Colonoscopies are generally the preferred screening method, and studies show they cut the odds of death by about 50%. They look at the rectum and entire colon.
Other approved methods include:
- Sigmoidoscopies. These look at the rectum and part of the colon. If no polyps are found, these tests are generally repeated every 10 years
- .Stool tests that detect blood in fecal matter. Studies show they can lower the number of colorectal cancer deaths by 15% to 33% in people ages 50 to 80 when done every 1 to 2 years.
- Stool DNA test. Cologuard is currently the only FDA-approved test. This is a new test, so the benefits and harms are less well-established than for other tests.
Vilar-Sanchez says managing young colorectal cancer patients requires a different approach than for patients over 50. He says his hospital started making this shift in treatment about 2 years ago.
“The expertise of a multidisciplinary team is needed, including genetic counselors, geneticists, fertility doctors, and psychological support, because being diagnosed at that age is a shock,” he says. “The best message we can get out there is young patients have their own issues, and it’s very important to recognize those.”
He also says that colorectal cancer in young people tends to be more aggressive and may need to be treated differently.

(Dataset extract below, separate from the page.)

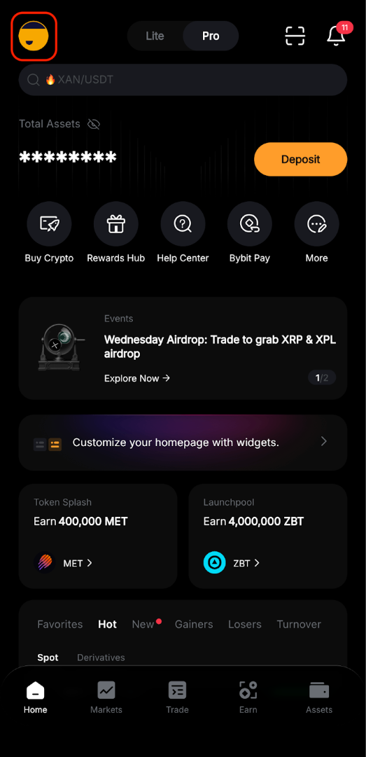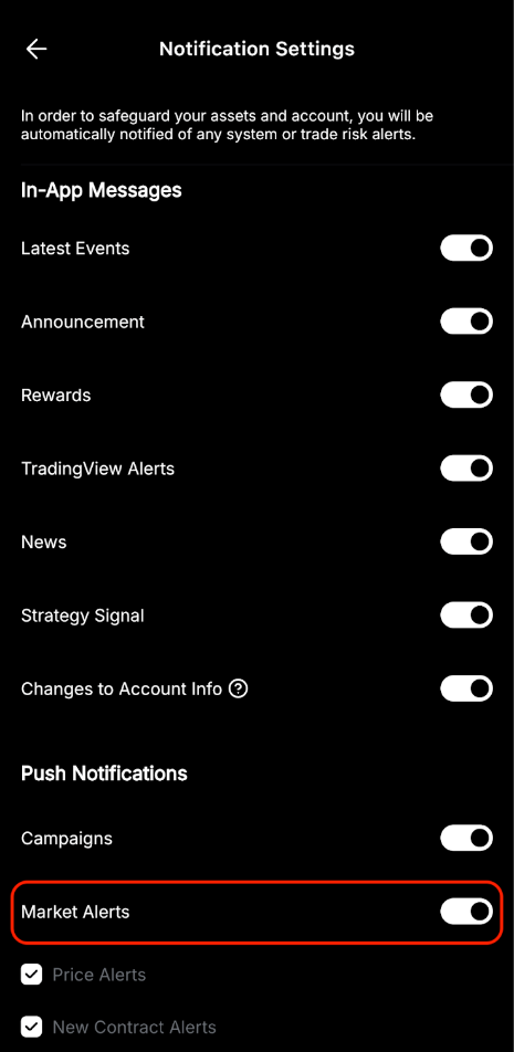 To turn off Bybit’s Market Alerts, you can go to the Settings page by clicking on the profile icon on the top left corner of the homepage and click on the Settings icon. Then, click on Preference → Notification Settings where you can define the type of notifications you want to receive on your phone from the Bybit App.

Johnson can speak to the impact a colorectal cancer diagnosis has had on her life. She was a recent college graduate, a newlywed, and worked as a dance teacher when she was diagnosed at 26. While her friends were getting married and buying houses, she had multiple surgeries, got chemotherapy and radiation, and had to give up her job.
Now 34, she is in remission but lives with an ostomy bag. She is unable to have children because she had a complete hysterectomy and says she and her husband now focus their devotion on their nieces, nephews, and dogs. Still, she’s grateful to be alive and is working now to figure out what comes next.
“I’ve had to say goodbye to my old body. I have a new one now. This one saved my life, and I will embrace it. But the fight after the fight has been challenging. I felt like I became a really good professional cancer patient and often wonder: Now what,” Johnson says. “I think my goal now is to keep telling people my story. I didn’t listen to my body for a very long time, and I want to keep others from making that same mistake.”
Many doctors and patients also agree that doctors also need to be better educated about symptoms, no matter the age of the patient.
“I kind of blame some of the doctors who put Heather off, probably for a good 6 months to a year,” says Kaye Blackburn, now 66 years old. “It sounds cliché, but if I can help someone else avoid what we have been through, then I will do it. It was just so horrible for Heather and her kids and our whole family.
“So if you have symptoms, get them checked. If you don’t think the doctor knows what they’re talking about, find another doctor. And if you have a family history of colon cancer, you definitely need to be screened. Don’t wait until it’s too late.”